Fortunately we primarily care about worlds that agree with reality: again, we must assume things, or knowledge is impossible. These assumptions are found under the rubric of bias in machine learning. The quest is about finding a useful learning machine that can learn everything from the simplest set of assumptions.
- Bias and variance
- If you keep making the same mistakes, the issue with your model is *bias*, and you need a more flexible learner. If there's no pattern to the mistakes made, the issue is *variance*, you can try making the learner less flexible. More data helps as well.
For an unrestricted learner, two things are the same only if they are exactly the same. Learning is also about forgetting the irrelevant details, generalising to meet real-world variability.
A learner that does not generalise from data is overfitting. Overfitting occurs when there are too many hypotheses and not enough data to tell them apart — but there's a problem there as well.
Or as Domingos puts it: "A good learner is forever walking the narrow path between blindness and hallucination."
- The machine learning problem
- How do we generalise knowledge to situations that we haven't seen before?
- Combinatorial explosion
When the number of things an algorithm needs to do grows exponentially with the size of the input.
In some cases it's a double explosion, as inputs can grow exponentially as well. Fortunantely mchine learning methods can frequently eat away one of the exponentials.
- Errors in the data, or random events that you cannot predict.
"It is possible to commit no mistakes and still lose. That is not weakness. That is life." — Captain Picard
- Dividing data
Overfitting can be tackled by dividing available data to a *training set* and a *test set*, where the former is used to build a model and the latter to verify its accuracy. There is a whole tradition and methodology around this process.

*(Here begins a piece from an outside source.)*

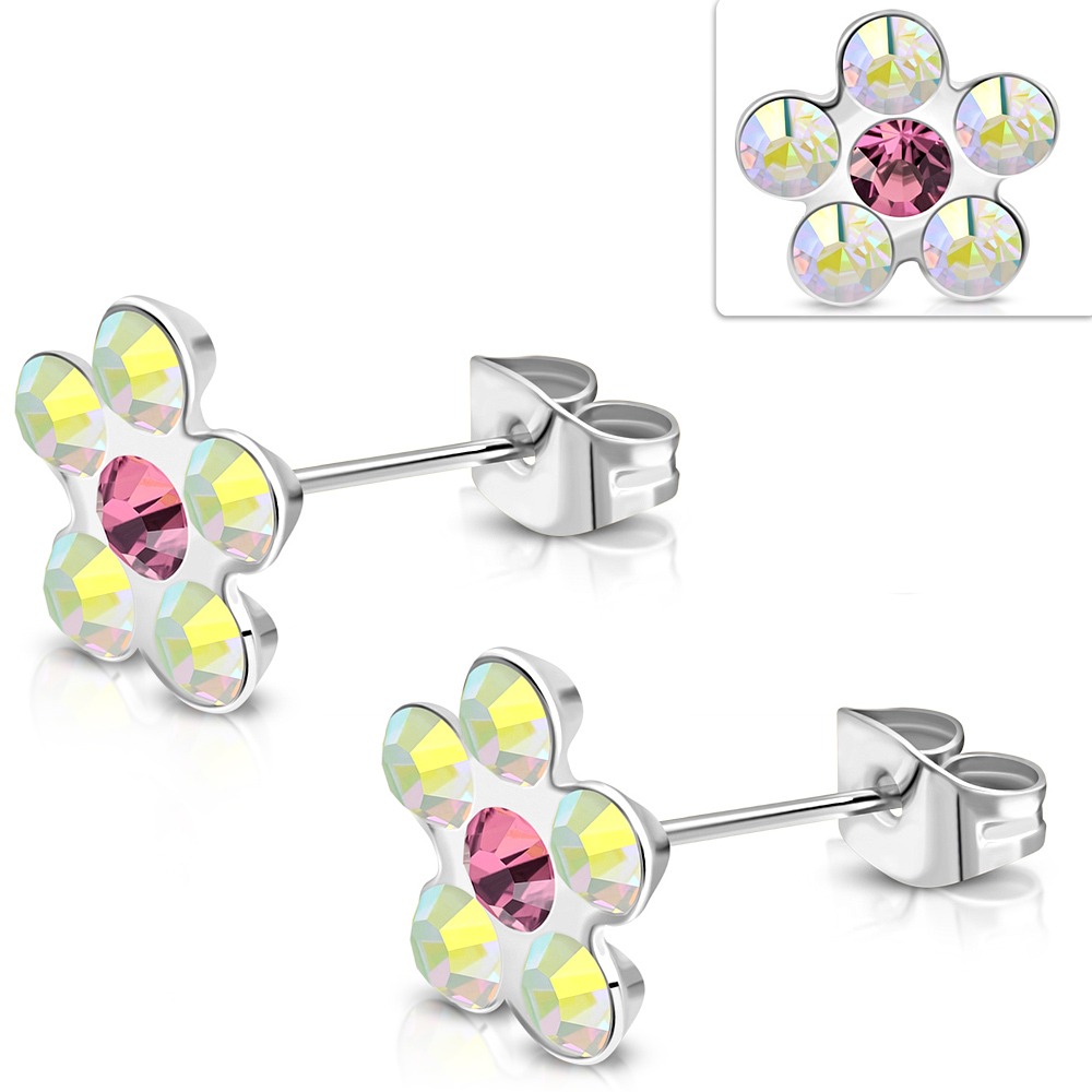 עגיל פרח קלאסי בצבעי קשת

Statistical significance and can be used to further gain confidence in the learner's ability.
For Symbolists, all intelligence is symbol manipulation. Questions can be posed as equations, and solved by replacing expressions with other expressions. Learning is built on pre-existing knowledge, and new problems are solved through a process of synthesis, where new knowledge is created through operations on existing knowledge.

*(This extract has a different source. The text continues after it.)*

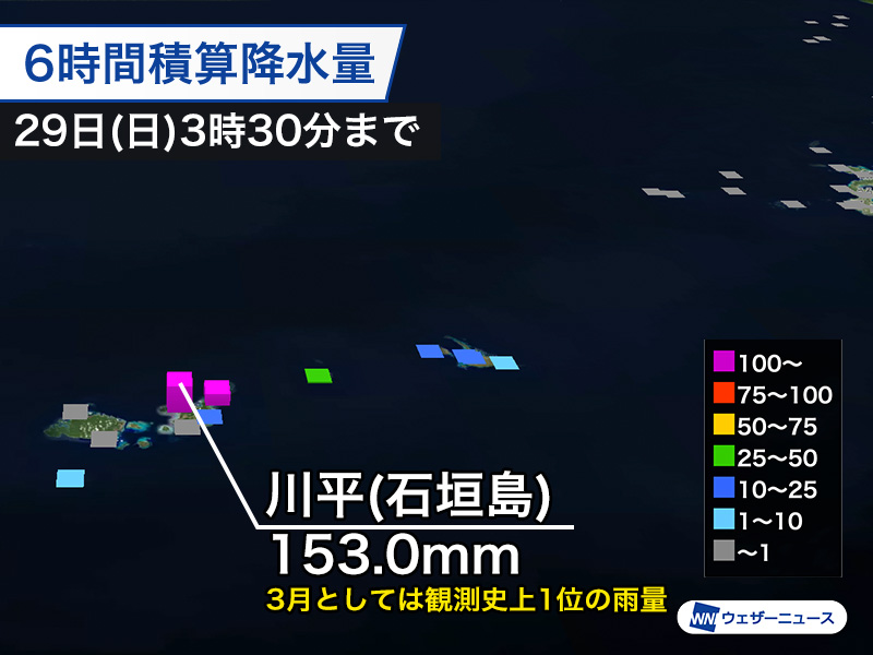 石垣島の川平に設置されたアメダスでは午前3時30分までの6時間で153mmの雨を観測しました。3月としては観測史上1位の雨量です。

The Symbolist master algorithm is inverse deduction, in which missing components that block a deductive resolution are identified and then made as general as possible. The related decision tree is a simple yet capable classifier that encodes knowledge as a series of choices.
A proposition is a declarative sentence which is either true or false. Atomic sentences encapsulate knowledge and get marked with a symbol, typically upper case letters.
Sentences are combined by connectives:
- the conjunction ∧ (also &),
- the disjunction ∨,
- the implication ⇒ (also →, ⊃),
- the negation ¬ (also ∼),
- and equivalence ⇔ (also ↔, ≡).
For example, let:
- A = "Today is Tuesday"
- B = "Tomorrow is Wednesday"
- C = "Tomorrow is Friday"
We can encode statements, encapsulate knowledge about the world using this grammar:
- A ("Today is Tuesday", which is a [true] statement on Tuesdays)
- A ∧ B ("Today is Tuesday and tomorrow is Wednesday.")
- B ∨ C ("Tomorrow is Wednesday or tomorrow is Friday.")
- A ⇒ B ("If today is Tuesday, then tomorrow is Wednesday.")
- ¬C ("Tomorrow is not Friday.")
- A ⇔ B ("Today is Tuesday if and only if tomorrow is Friday",
also "If today is Tuesday, then tomorrow is Wednesday and if tomorrow is Wednesday, then todays is Tuesday.")
See any textbook on elementary logic for more.
Deduction and induction
Making use of logic in machine learning begins with the idea of identifying and extracting regularities captured by the available data.
Begin with a set of assumptions about data form, and check if you can answer your question through a series of logical operations — through symbol manipulation. If nothing fits the labelled data, relax the original assumptions, and try again with a more flexible form.
Logical reasoning is built on conjunctive forms (A and B), then on disjunctive forms (A or B), and finally on the most general forms, rules (A implies B, etc.). We can deduce new knowledge from atomic sentences but also build on previously established rules and sentences. This process is known as deduction.
Socrates is human.
All humans are mortal.
By deduction from the given statements, we can deduce that Socrates is mortal.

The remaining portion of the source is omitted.